A re-examination of economic supports, including tax expenditures is necessary to build a more productive economy. Reflecting on the employment allocation within accommodation and food, Mac Flynn states, “we should ask questions about whether this is the appropriate allocation of economic resources”.

Addressing inefficiency

In a broad sense, the efficiency of firms is key to the delivery of living standards.
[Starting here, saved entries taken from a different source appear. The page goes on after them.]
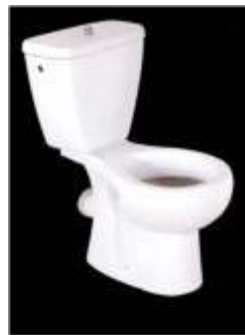
Name: NANO E.W.C. "P" TRAP Cat No.: 3091
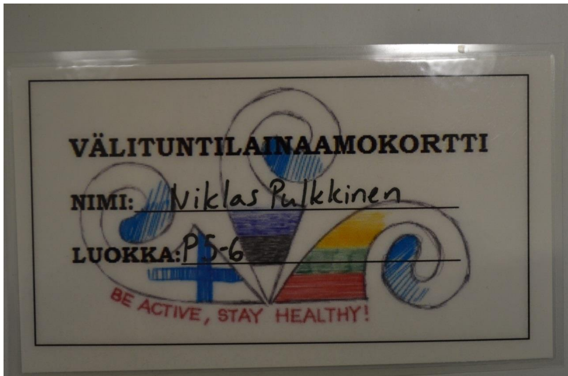
Tool kit card
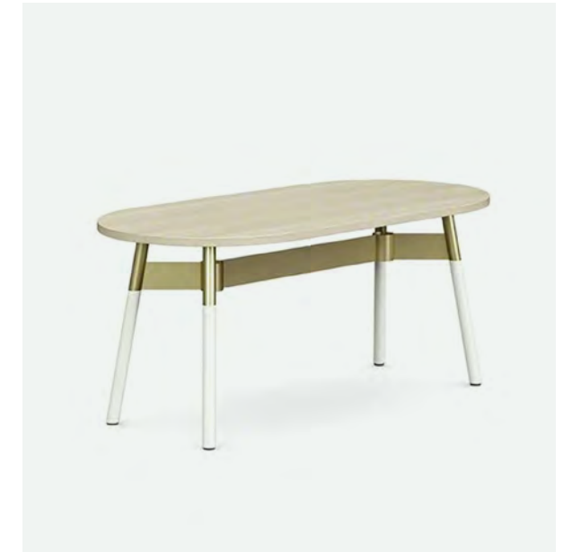
Steelcase Embold Table
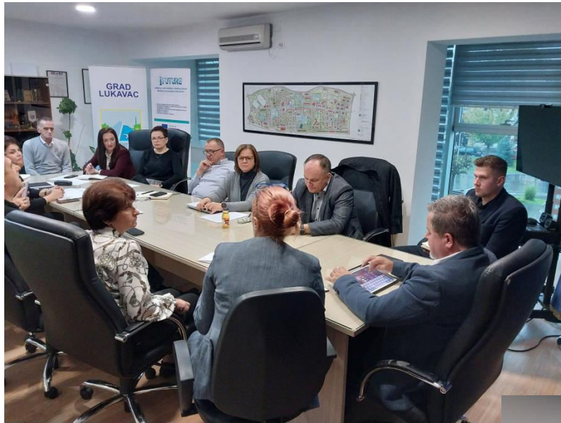
City Administration – Lukavac (meeting on 15th Nov in Lukavac)
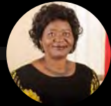
Monica Chakwera First Lady, Malawi
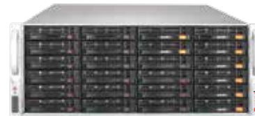
60 Bay 4U Rackmount Server

Consistent high performance optimized for artificial intelligent systems' and read-intensive surveillance applications.
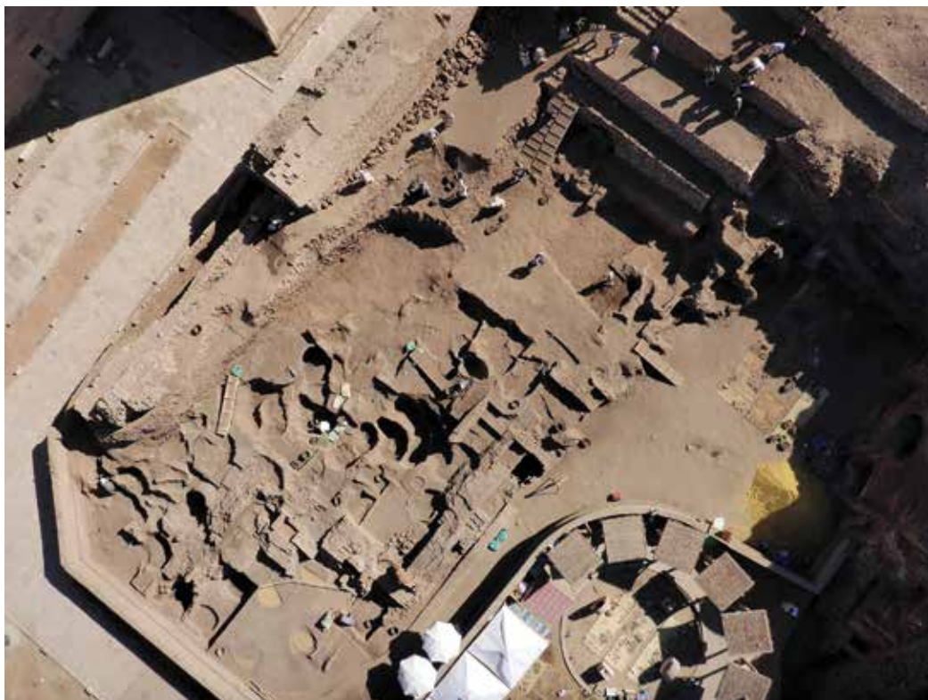
Figure 2. Aerial view of ongoing excavations in Zone 2
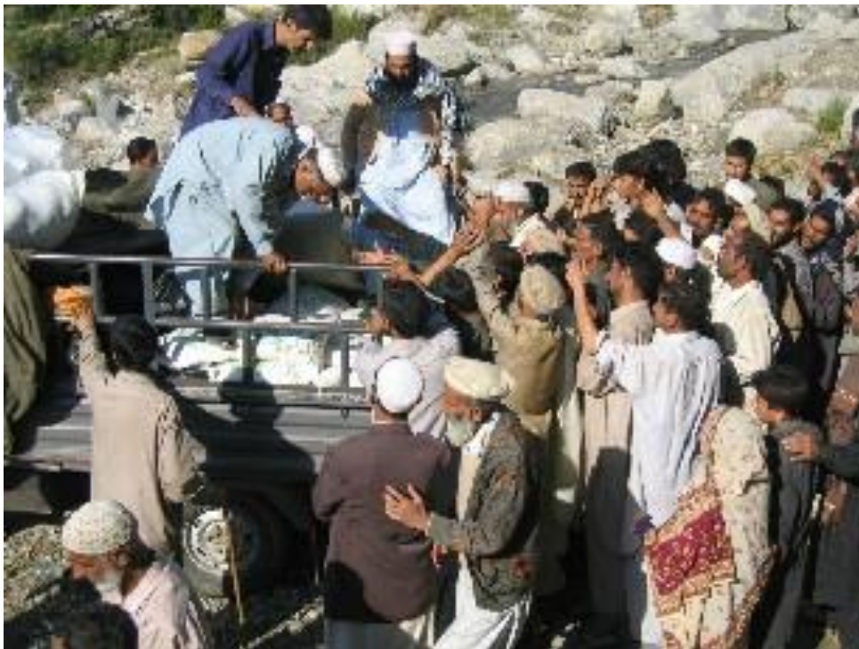
CAI Pakistan distributing essential food to survivors of the earthquake
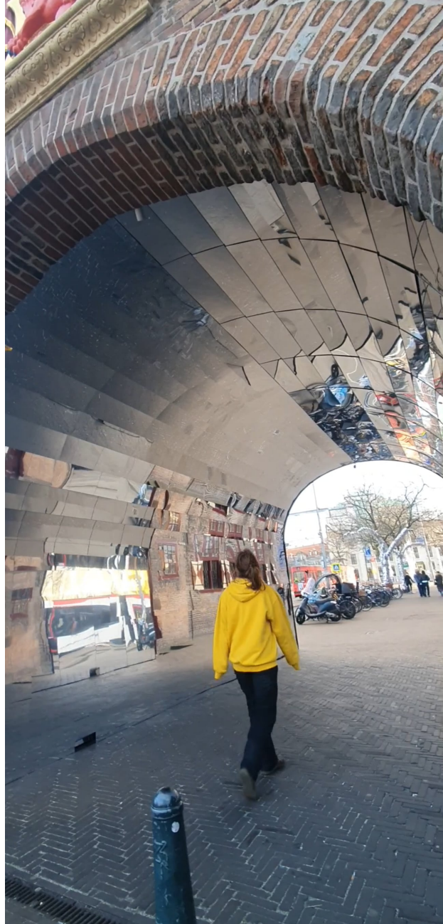
Mirror tunnel, 2025 22 sec
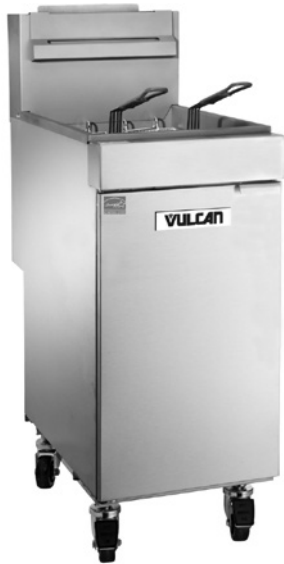
Model 1VEG35M Shown with caster accessories
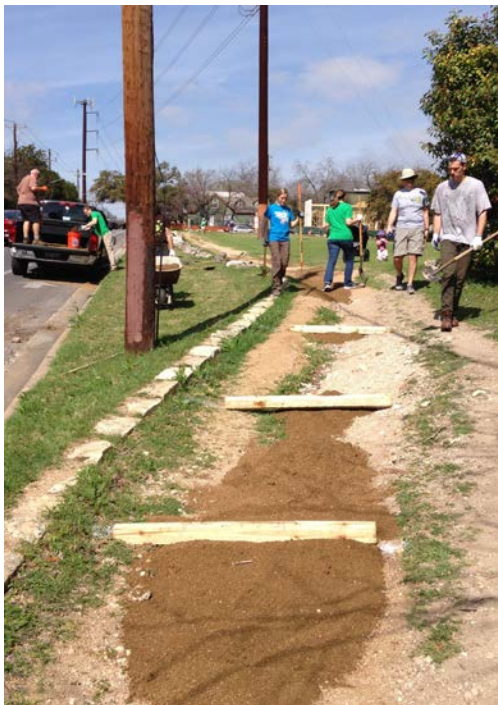
Just beginning work
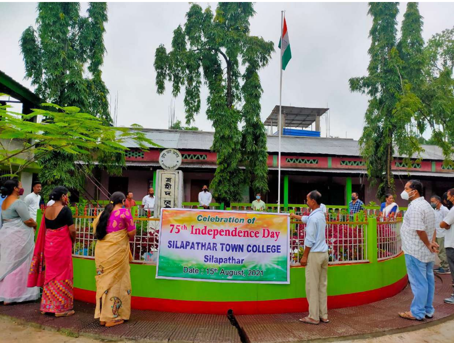
Independence Day Celebration,2021 Teaching and Non-Teaching Staff Silapathar Town College, Silapathar
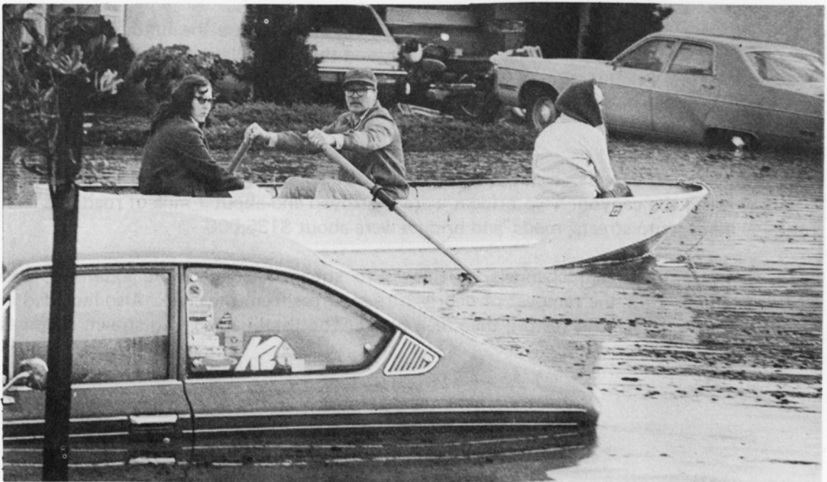
Flood victims take to the rowboat along Oceanaire Drive as floodwaters 3 feet deep inundated the Laguna Lake area.
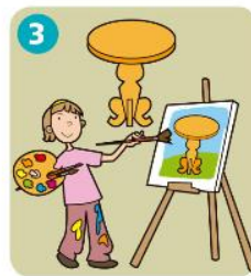
She painted a chair.
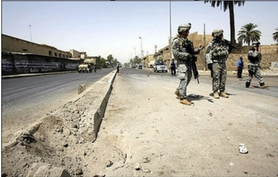
7.12.06 US Army soldiers at the scene of an exploded improvised explosive device, or IED, that killed one person, in the Wazariya neighborhood in northern Baghdad.
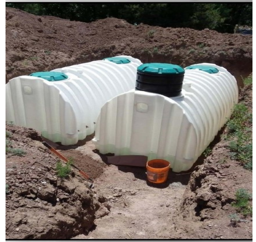
Underground Water Storage Tanks

The Function of a Conservation District is to take available technical, financial, and educational resources, whatever their source, and focus or coordinate them so they meet the needs of the local land user.
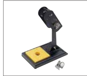
Iron holder for FX-8803
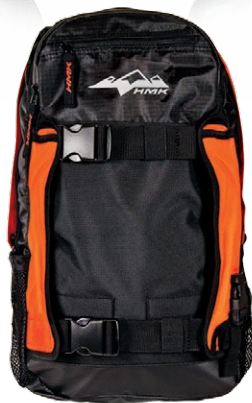
ORANGE / BLACK
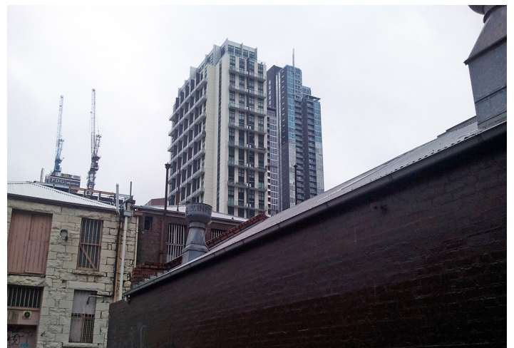
Skyscrapers surrounding Little Latrobe Street. Private collection.
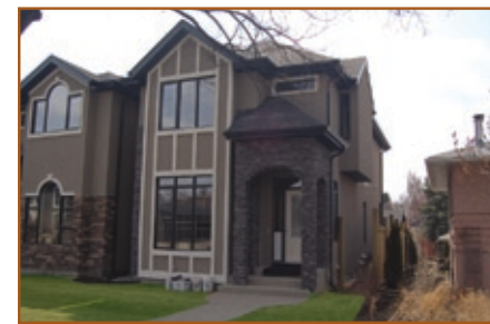
Altadore $895,000 2015 – 40th Avenue SW

"The Dorchester" boasts a fully finished basement & is located across from a school & park. Hardwood, crown moulding and kitchen with granite counters & stainless steel appliances. 3-sided fireplace in master & in-floor heating in basement! 1954 + 771 s.f. of luxury by Saddle River Custom Homes!
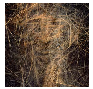
Ion Scott Anderson book of arass #1, 2012 Edition of 7 | Archival Pigment Print Courtesy the Artist and Haw/Contemporary, Kansas City
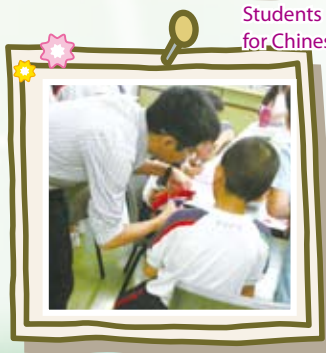
An English teacher helping students with the activity in the ELC
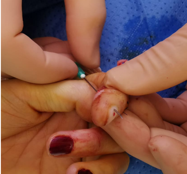
Figure 1. Needle is passed through tendon remnants along the side of the distal phalanx and exits through the nail plate, not engaging the nail folds.

tip of the tendon, and the needle of the nylon suture is then cut. The same trajectory sequence of a 21-gauge hypodermic needle is used at the other side of the distal phalanx, and the other end of the nylon suture thread is passed through the needle from volar to dorsal, providing a second fixing point [Figure 4].
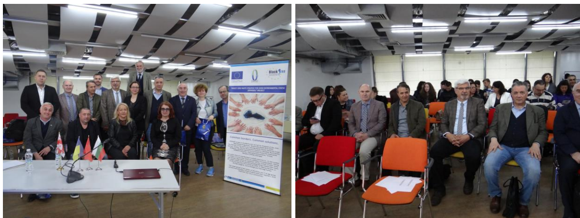
Figure 2. Project Meeting in Burgas-Bulgaria on 14-15 May 2019.

In the Project, 4 workshops, 4 conferences and press conferences, one in each partner country, were planned. Meetings on 14-15 May 2019 in Burgas-Bulgaria (Figure 2) and on 19-20 September 2019 Odessa- Ukraine (Figure 3) were held. The remaining two meetings to be held in Georgia and Turkey will be realised online via WEBINAR, in October 2020 and December 2020, respectively.
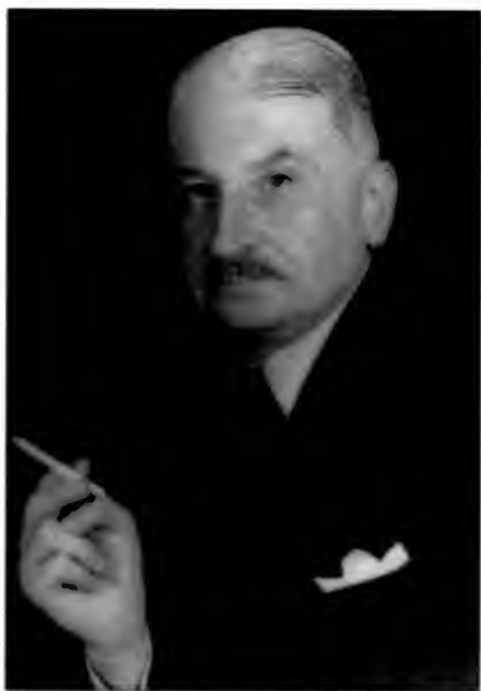
LUDWIG VON MISES
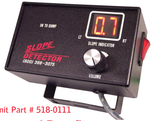
Cab Unit Part # 518-0111
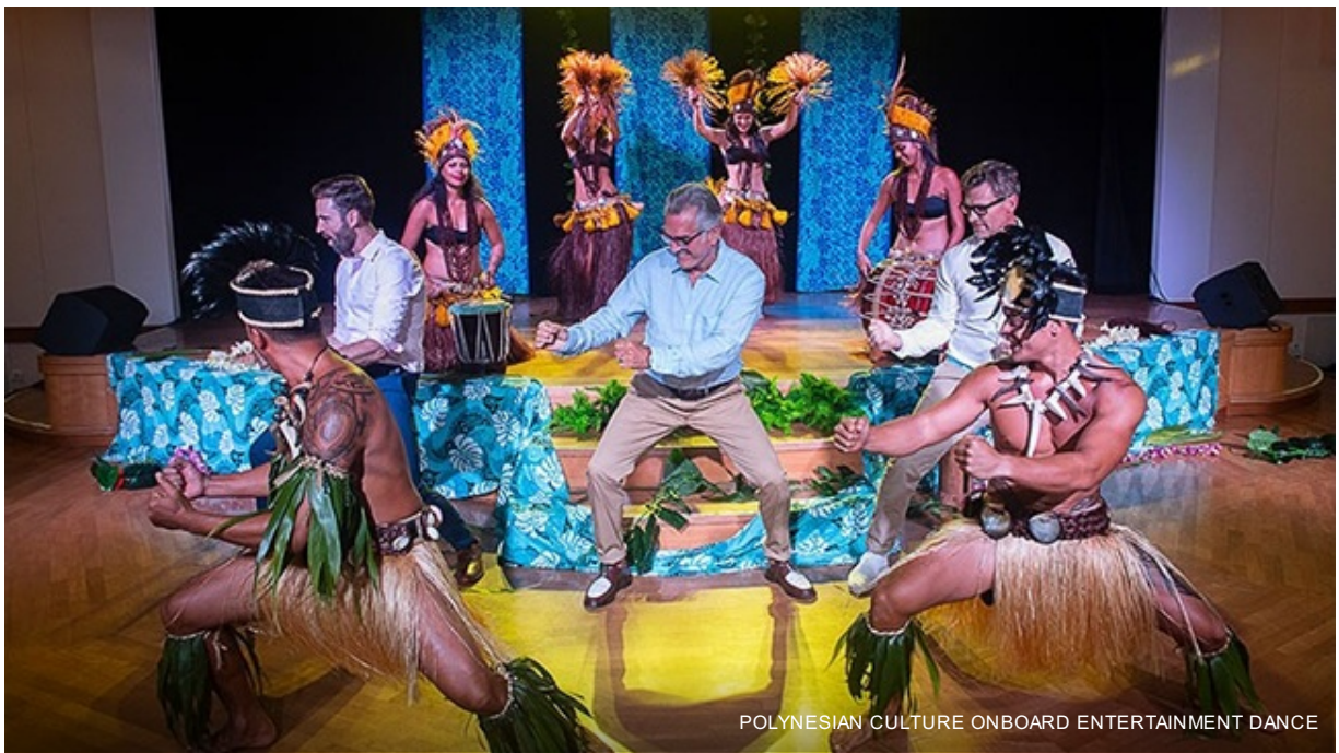
POLYNESIAN CULTURE ONBOARD ENTERTAINMENT DANCE
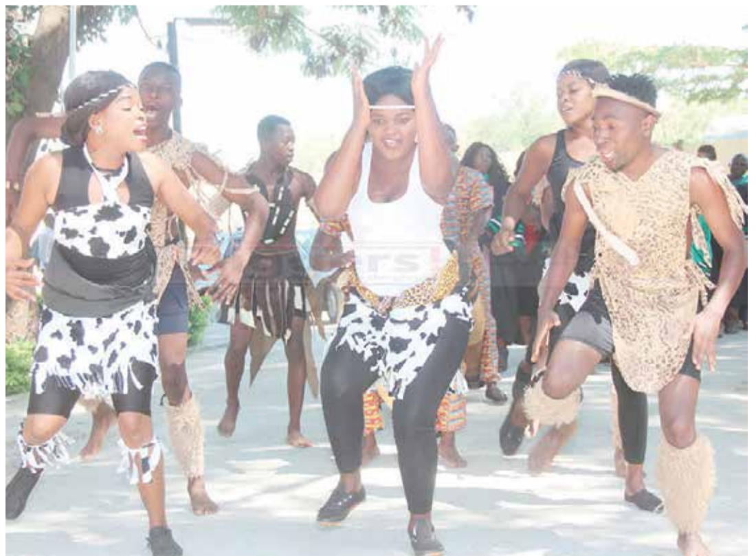
Nomakanjani dance troupe perform during the ZAMCOM 5th graduation ceremony
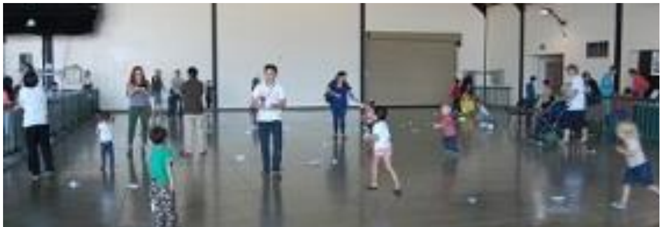
Visitors flying paper gliders inside the hangar.
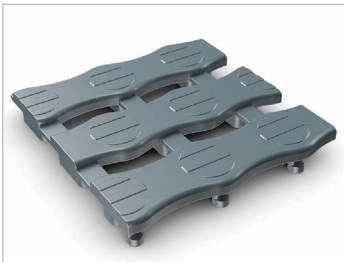
01. Light Grey
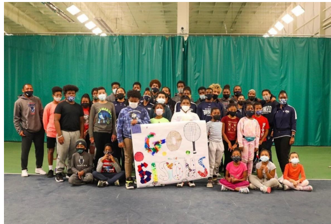
WTEF Students with Howard University Women's & Men's Tennis Team!
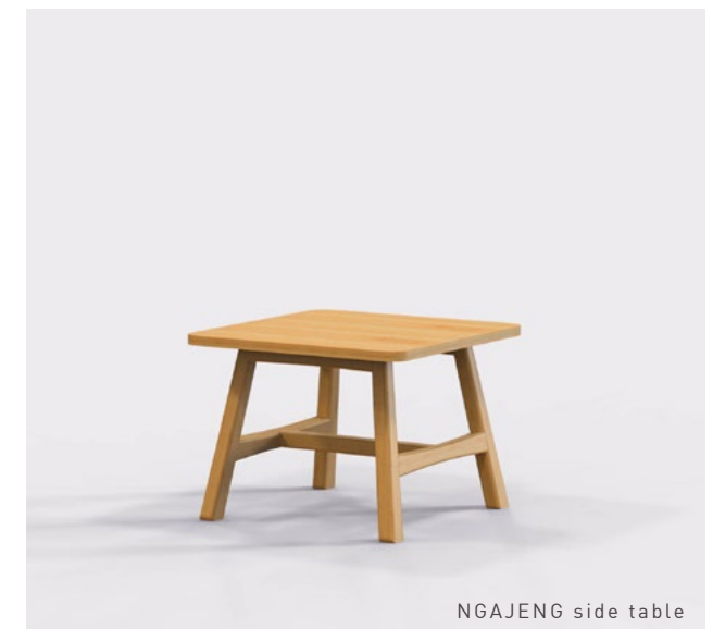
NGAJENG side table
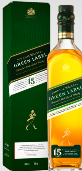
JOHNNIE WALKER Green Label
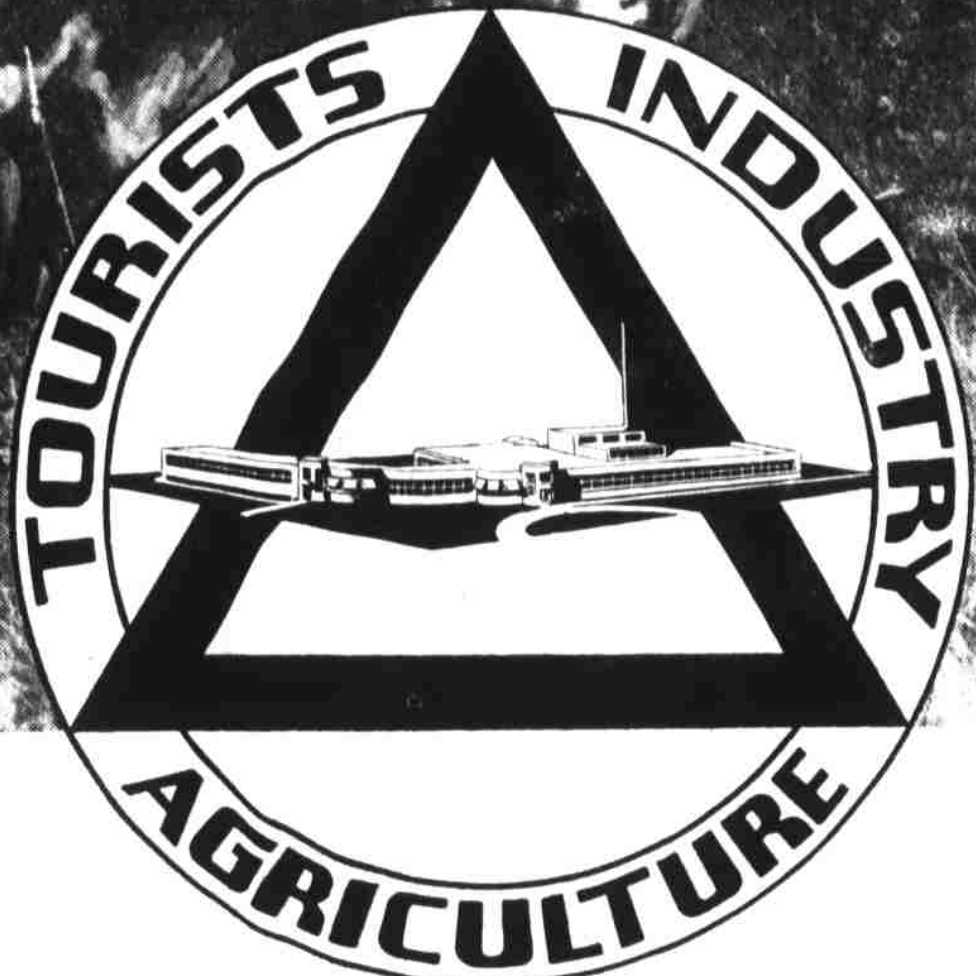
The Magic Circle
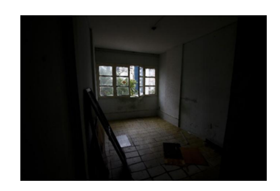
Figure 17 Holiday vacancy
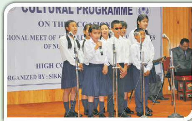
Group song by Blind School, Namchi, South Sikkim
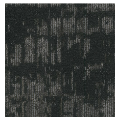
ESP57 Starry Night
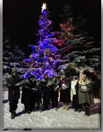
The Tree after with carollers.
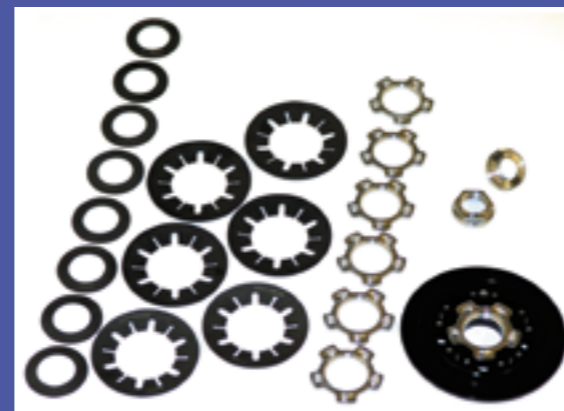
Extensive parts enable optimal tuning and adjustment.

Mac Flynn explains: “We need to address these policies in the light of these outcomes and the trade-offs inherent within them.”

While efficiency is crucial for delivering improved living standards, it is also important to ask whether the allocation of economic resources aligns with broader productivity goals.

“Productivity is about more than economic growth; it is about how efficient we are in achieving growth,” says Mac Flynn.

To avoid inefficient firms from dominating industries, therefore, Mac Flynn advocates for stronger enforcement of competition laws alongside greater unionisation.

“Strong unionisation and collective bargaining can tackle firms that seek excess profits and stronger enforcement of competition rules can prevent inefficient firms from dominating certain industries,” he states.


In light of its report, NERI suggests that policymakers should carefully consider whether current economic supports and tax expenditures are aligned with the goal of building a more productive economy.

While productivity is a significant determinant of living standards, Mac Flynn believes that policy decisions must balance productivity goals with other considerations, such as social, sustainable, or cultural objectives.

Ultimately, re-examining economic supports should ensure that policies are designed to create a more productive economy without sacrificing other important societal objectives. This balance is essential for fostering an economy that delivers high living standards while promoting sustainable growth and social welfare, NERI concludes.